Chicago anesthesiologist Richard Cook feeds Yyolson, an infant whose mother was killed in the earthquake and whose 22-year-old father fed him sugar water for three weeks until he could find help. The baby arrived at the Fond Parisien field hospital dangerously malnourished, but he recovered. “And his dad was able to take him home," says nurse Nicole Muse. (Photo courtesy Richard Cook)

At some level you have to come to grips with the fact that what you are doing is not making an enormous difference in the overall scale of the catastrophe. But you are making little, tiny deltas in little, small ways. And the things there are to do may not be things that you were thinking were your job. We put up a lot of tents. We put up a lot of cots. We put up lights. We cleaned toilets and picked up trash. Your professional skills may or may not be terribly useful at any given moment. I’m an anesthesiologist, and I didn’t do an anesthetic the entire time I was there. I did a lot of plain-old country doctoring.

There were moments that were deeply moving. The third night we were there, we were all exhausted and angry. I think everybody gets angry when you go there. You’re seeing so much suffering that you know you could deal with in your own setting. I mean, if all these people popped into the University of Chicago, their treatment would be considerably different than what we were doing for them there.

But then somewhere around the third day you stop being angry. You find something else to keep you going. You change your perspective from how unfair the world is to trying to make it locally better. As Pascal said, “Neither the sun, nor death, can be stared at too closely.”

It gets dark there very quickly because you’re closer to the equator, and the time between dusk and dark is very short. And when it got dark there, it was dark—no light, except what came from the moon.

So on the third night we were sitting around talking and going over plans for the next day, when the Haitians started to sing. [Chicago ER physician] Christian Theodosis said, “Listen.” And we all stopped. He said, “You know, they’re singing because they’re safe.” And they were safe—inside that compound. They weren’t going to get raped, or robbed, or stabbed. They weren’t going to die of starvation. They weren’t going to die of dehydration. It was a terrible place from our perspective, but on the scale of things happening around us, it was a good place to be. And they were singing.

The other moment came near the end. On Sunday we were going to go back to Santo Domingo, to fly out on Monday. You must remember that almost everybody in the camp came with nothing; they came out of some hospital or were carried out by a bus from some clinic. These people came with nothing, and most of them have nothing to return to. Their homes are gone.

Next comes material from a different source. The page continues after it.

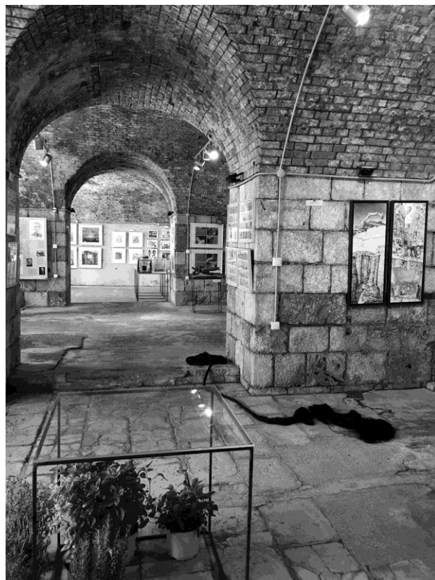
εγκατάσταση 'Ιστία' (Ε. Τσακίρη) από την αίθουσα 'Ταξίδι στην Μεγάλη Ελλάδα' (ομάδα uniwarch) και αίθουσα 'Μνήμη'

Sunday Mass at the field hospital in Fond Parisien. “They hold a two-hour church service in the middle of Sunday morning,” says anesthesiologist Richard Cook, “for which everything else in the camp stops." (Photo courtesy Nicole Muse)

But on Sunday morning, all of a sudden, you see all of these people in clean clothes. Little girls are wearing white dresses. The boys are wearing ties. The men, many of them, are wearing white shirts and ties. Where did they get them? But here they are; they’re all dressed up because it’s time to go to church. And so they have church down at the end of the camp. They have a guy who comes in, and a little band. Some drums, a guy playing bass, another playing guitar, and a little amplification system. They have a priest and a bunch of people singing and chanting, and they have communion. They hold a two-hour church service in the middle of Sunday morning, for which everything else in the camp stops.

And people come down to this church service in wheelchairs, on crutches, with amputations. I saw a girl who had a high amputation of her left arm almost at the shoulder, and with her was her daughter or her niece, sitting in her lap. And they were both singing.

 

Chelsey Kivland, AM’06, an anthropology PhD student, was presumed missing for three days after the earthquake. She had been living in Port-au-Prince, researching Carnivál performance groups and their associated civic organizations.


Anthropology graduate student Chelsey Kivland, AM’06, with her friend Berman, who died in the earthquake. “I lost so many friends,” she says. (Photo courtesy Chelsey Kivland)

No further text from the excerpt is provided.